Было уже два часа утра, и ход заседания нарушила моя маленькая мыслеграфистка, всегда отличавшаяся пунктуальностью. Приятели собрались было уходить, но потом заявили, что уходить не хочется, и это прозвучало вполне искренне. Людовик сказал, что такая поэма вдохновляет на великие дела и возвышает дух, а Лем Гулливер уверял меня с жаром, что, обладай он моим талантом, он – бог свидетель – не произнес бы ни единого слова правды. Они были растроганы, как никогда. Людовик отметил, что я достиг совершенства в искусстве, и Лем с ним согласился. Луи заявил, что и сам хочет заняться поэзией, а Лем признался, что у него тоже есть такое желание, но оба тут же заверили меня, что и не мечтают достичь моих высот. Благодарили за чудесно проведенный вечер. Я был на седьмом небе от их похвал и не мог найти слов, чтоб отблагодарить Людовика и Лема. Какая разительная перемена после долгой, бередящей душу тоски и отчуждения! Мои безразличные ко всему нервы, казалось, сбросили с себя привычную апатию, их взбудоражила новая жажда жизни и радости; меня будто подняли из гроба.
Приятели решили немедленно бежать к месту раскопок и рассказать обо всем остальным – на это я и рассчитывал. Осуществится мой план – миссионеры понесут истину всей пастве, и я верну их былое расположение, в этом я ничуть не сомневался. Перед уходом они встали, приветствуя меня, мы сдвинули бокалы и провозгласили тосты:
Луи. За то, чтоб вернулось доброе старое время! Навсегда!

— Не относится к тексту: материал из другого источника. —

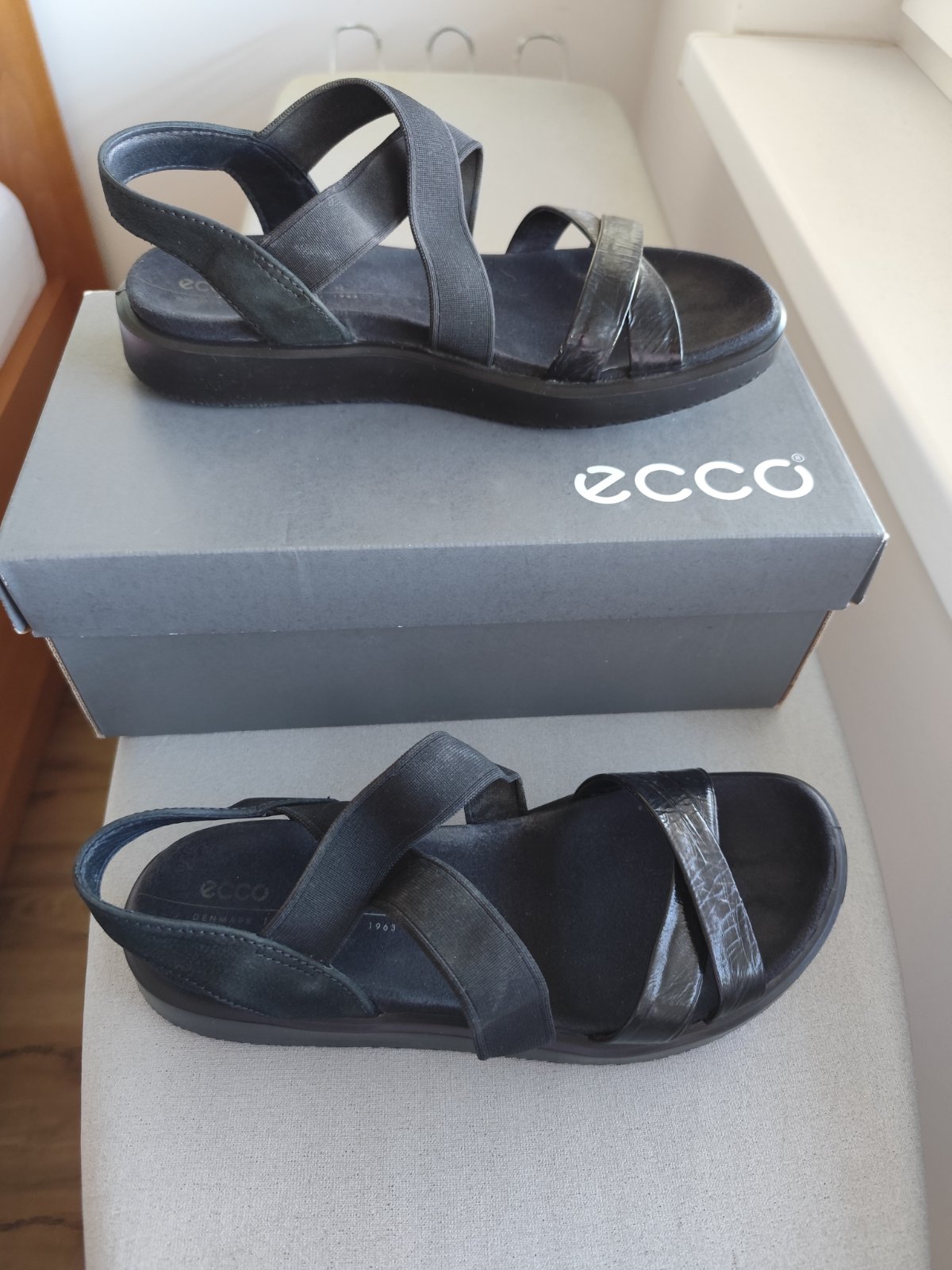 Nosené dámske sandále Ecco Flowt W, veľkosť 39, čierna lakovaná koža. Už vidno známky nosenia.

Лем. Пей до дна! Пей до дна!
Гек Да благословит нас бог!
Затем Людовик и Лем удалились нетвердой походкой, поддерживая друг друга, и затянули песню, которой я научил их в те самые добрые старые времена.
– Гоблсквет лиикдуизан хоооослк! (Домой мы не придем, пока не рассвете-ет!)
Археологическая находка породила в нас такой энтузиазм, что мы решили вести раскопки двадцать четыре часа в сутки, день за днем, сколько потребуется, лишь бы продвинуться в работе как можно больше, пока весть о находке не попала за границу и нам не стали чинить помехи.
Сейчас я был целиком поглощен историей Земли, которую записывал на мыслефон, опасаясь, как бы мои познания в этой области не стерлись в памяти; я намеревался поскорее закончить свой труд, а уж потом как следует поработать на раскопках. История Японии заключала это фундаментальное исследование; завершив его на сегодняшнем сеансе записи, я мог со спокойной душой отправиться в шахту, где нашли останки окаменевшей блохи. Тем временем миссионеры будут делать свое дело, и почему бы мне не уповать на то, что к моменту моего появления там «обращение» завершится, – разумеется, при условии, что я изложу историю Японии как можно подробнее. Так мне казалось, во всяком случае.
К счастью, мыслефон вышел из строя, и требовалось какое-то время на его починку. Если показать Екатерине Арагонской, как ремонтировать аппарат, времени уйдет больше, и я решил прибегнуть к ее помощи. Екатерина Арагонская была очаровательная девушка и к тому же толковая, способная ученица; хоть она и считалась «неболезнетворным» микробом, то есть вышла из народа, из самой гущи забитого трудового люда – малоимущего, угнетаемого, презираемого, что бескорыстно служит смиренной и покорной опорой трону, без чьей поддержки он развалился бы, как карточный домик (а он таковым и является), – хоть Екатерина Арагонская и вышла из этой среды и разумелось, что по природе она глупа, как пробка, Екатерина, как я уже упомянул, была вовсе не глупа. Из-за давней авантюры ее прародительницы в Екатерине Арагонской текла капелька вирусно-раковой крови, которая в силу происхождения должна была течь в ком-то другом, и эта крошечная капелька оказалась очень важной для Екатерины. Она сильно повысила ее умственные способности по сравнению со средним интеллектуальным уровнем неболезнетворных микробов, потому что вирусы рака чрезвычайно умны и всегда отличались высоким интеллектом. И у других аристократов порой рождаются талантливые дети, но у вирусов рака, и только у вирусов рака, это в порядке вещей.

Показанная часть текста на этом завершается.